The philosophy behind PaleoTS

What is PaleoTS?

PaleoTS represents a specific paleoclimate application of the autoTS, an automated system for time series analysis. autoTS is conceived around three ideas:

  • To capture expert knowledge as semantic workflow templates that represent common multi-step analysis strategies and constraints.

  • To automatically characterize datasets to extract properties that will affect the choice of analytic methods (e.g., the data has missing values) to instantiate those workflow templates.

  • To curate a catalog of primitive pre-processing and analysis functions for timeseries data that map to workflow steps and are annotated with preconditions (e.g., evenly-spaced time series is requires), performance (e.g., bias in the low-frequency domain), and other constraints that will be used to generate solutions.

Why PaleoTS?

Time series analysis can be useful to (1) identify periodicities, which may be associated with known phenomena; (2) investigate the temporal continuum to understand how energy within the Earth system is redistributes across various timescales;(3) assign time to the long geologic record of past climate varaibility; (4) filter to highlight specific features in climate datasets; (5) detect regime shift; (6) identify coherent spatiotemporal variability betweenn multiple independent series; (6) identify correlation between climate variables.

Although many signal processing methodologies relevant to time series analysis are widely available in popular packages and libraries in Matlab, R, and Python, there are important aspects that should be taken into consideration as are often unique to the dataset(s) of interest:

  • Identifying methods and set parameters that are appropriate for a given dataset. For instance, most paleoclimate studies rely on datasets that are often unevenly-spaced in time. An analyst is then left with too choices: use a method appropriate for such datasets (e.g., the Lomb-Scargle Fourier Transform and the Weighted Wavelet Z-Transform) or regrid the data to use a more traditional method (such as the multi-taper method). Both approaches have tradeoffs that should be caefully evaluated for each problem.

  • Preparing data for analysis. In addition to the regridding problem mentioned above, time series are often pre-processed before analysis, including standardization and detrending. Although detrending allows highlighting high-frequency periodicities that may be of interest to the researcher and to remove spurious changes, the removal of a long-term trend can mask important, deterministic signals that may provide important clues about the behavior of the climate system.

  • Specifying the null hypothesis. To evaluate the significance of spectral peaks in a climate time series, a researcher needs to generate a null hypothesis.

Consequently, time series analysis is often considered more of an art than a science, and a researcher may want to generate all possible solutions for their dataset to evaluate the robustness of their conclusions. This would be a duanting tasks if performed manually.
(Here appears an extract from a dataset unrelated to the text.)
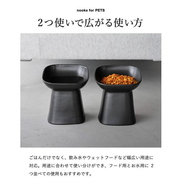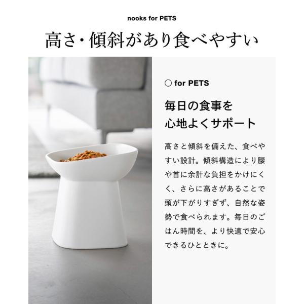 ペットの食事中の首や腰への負担をやわらげる、傾斜つきフードボウルです。傾斜つきで食べやすく、食事を快適にサポートします。ごはん・飲み水・ウェットフードなど、さまざまな用途に使用できます。愛犬・愛猫に合わせて、食べやすい高さや容量を選べます。※別売の「食べやすい高さ陶器ペットフードボウル ヌークス H8」および「食べやすい高さ陶器ペットフードボウル ヌークス 斜め H11.5」との組み合わせもおすすめです。
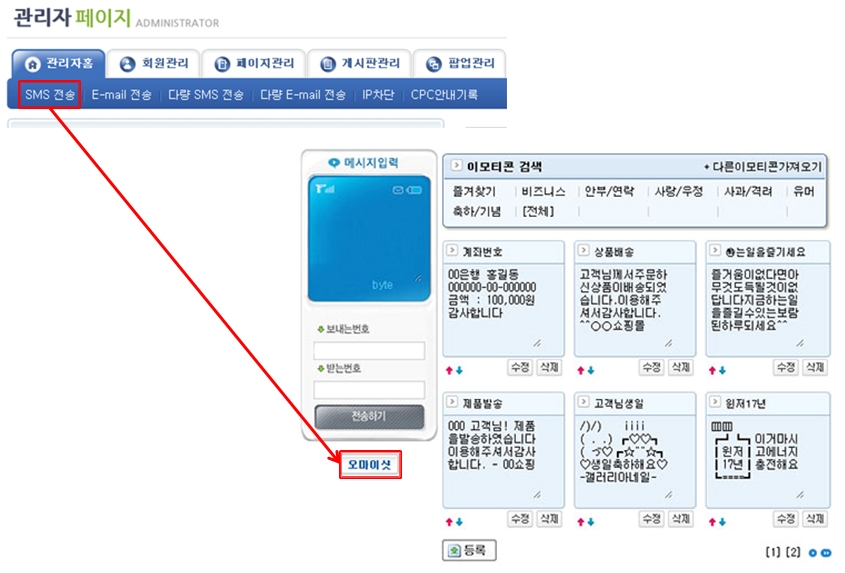 (1) 관리자 모드 > 관리자홈 > SMS전송

PaleoTS aims to help with this process by generating strategies for analysis and executing all possible solutions based on this strategy.

How does it work?

The technical details are described in the following section but for now, think about how you would describe performing a statistical analysis at a high-level. Let’s use the example of spectral analysis. Essentially, it consists of pre-processing steps such as standardization, detrending and regridding, the analysis step (transformation from the time to the frequency domain), and assessment of significance. The strategy described here can be encasulated in an abstract template as shown in the figure below.

_images/PaleoTSv1.png

This template can then be filled with various methods. For instance, detrending can be accomplished through linear detrending or a Savitzy-Golay filter and spectral analysis can be performed through a variety of methods. The model catalog keeps track of the methof and their associated requirements in the form of rules. For instance, MTM requires evenly-spaced data and linear detrending is only appopriate if the trend is linear. Each method has an implementation. As of September 2022, PaleoTs only uses methods available through the Pyleoclim software package, which was developed in parallel. Please note that Pyleoclim is not necessary for PaleoTS and methods from other packages can be used as long as they meet specific criteria which are detailed in Working with PaleoTS: a Tutorial.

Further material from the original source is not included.